The Iranian deal: Let’s look at the facts
David R. Adelman July 30, 2015 Des Moines Register
The discussion relating to the Iranian nuclear agreement has become a debate of political rhetoric, where one side continues to blast the president with exaggerated and offensive comments and the other side accusing those against the deal as warmongers. The rhetoric, on both sides, distracts from the conversation the American public deserves. A public debate on the merits of the agreement and its close scrutiny by Congress is healthy if the focus is on the facts.
Between July 11 and 19, I traveled to Israel with a group of progressive leaders from Iowa and New Hampshire. The trip consisted of discussions with elected officials at the Knesset, traveling into Ramallah to meet with Chief Palestinian Negotiator Saeb Erekat, and meeting with regular Israeli Arabs and Jews. On July 14 the Iranian nuclear agreement was announced. Our group listened to a wide spectrum of views and opinions on issues ranging from the Palestinian peace process, high-tech innovation and social/cultural norms. However, the morning after the announced agreement there was uniformity in thought about the framework (details had not yet been published) of the agreement. Regardless of whether we spoke with Israeli Jews or Arabs from the right or left of the political spectrum, a sense of panic had descended on Israel.

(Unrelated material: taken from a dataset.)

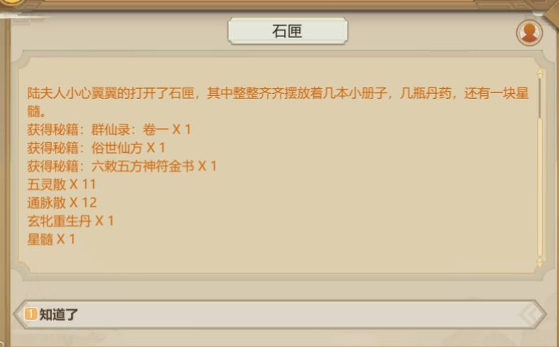 石匣带回门派后,打开,获得一堆重要物品

The concern that transcended both the Jews and Arabs we spoke with was the fact America’s allies (Israel, Jordan, Saudi Arabia) were not at the table during these negotiations and the Iranian government/Revolutionary Guard has acted and has stated they will continue to act against these U.S. allies in the region by destabilizing areas like Yemen, Syria, Lebanon, Gaza and Libya. The framework did not include any language requiring the Iranians to cease these activities or curb their military prowess.
President Barack Obama and Secretary of State John Kerry expended extraordinary efforts in crafting this agreement. The diplomatic and economic pressures applied were successful in bringing Iran to the negotiating table. If the deal is rejected by Congress, it will force the Iranians back to negotiate with an understanding the American people are serious about a better deal.
The agreement does have some positive points, which include suspending the Iranian nuclear program. The reactor in Arak, the facility in Natanz and Fordow will stop threatening the world in the next decade. Reducing the number of centrifuges and the amount of enriched uranium and monitoring the known sites — these are all substantial achievements. However, from the very moment of the deal’s announcement, Iranian leaders have directly contradicted U.S. positions and denied their key commitments.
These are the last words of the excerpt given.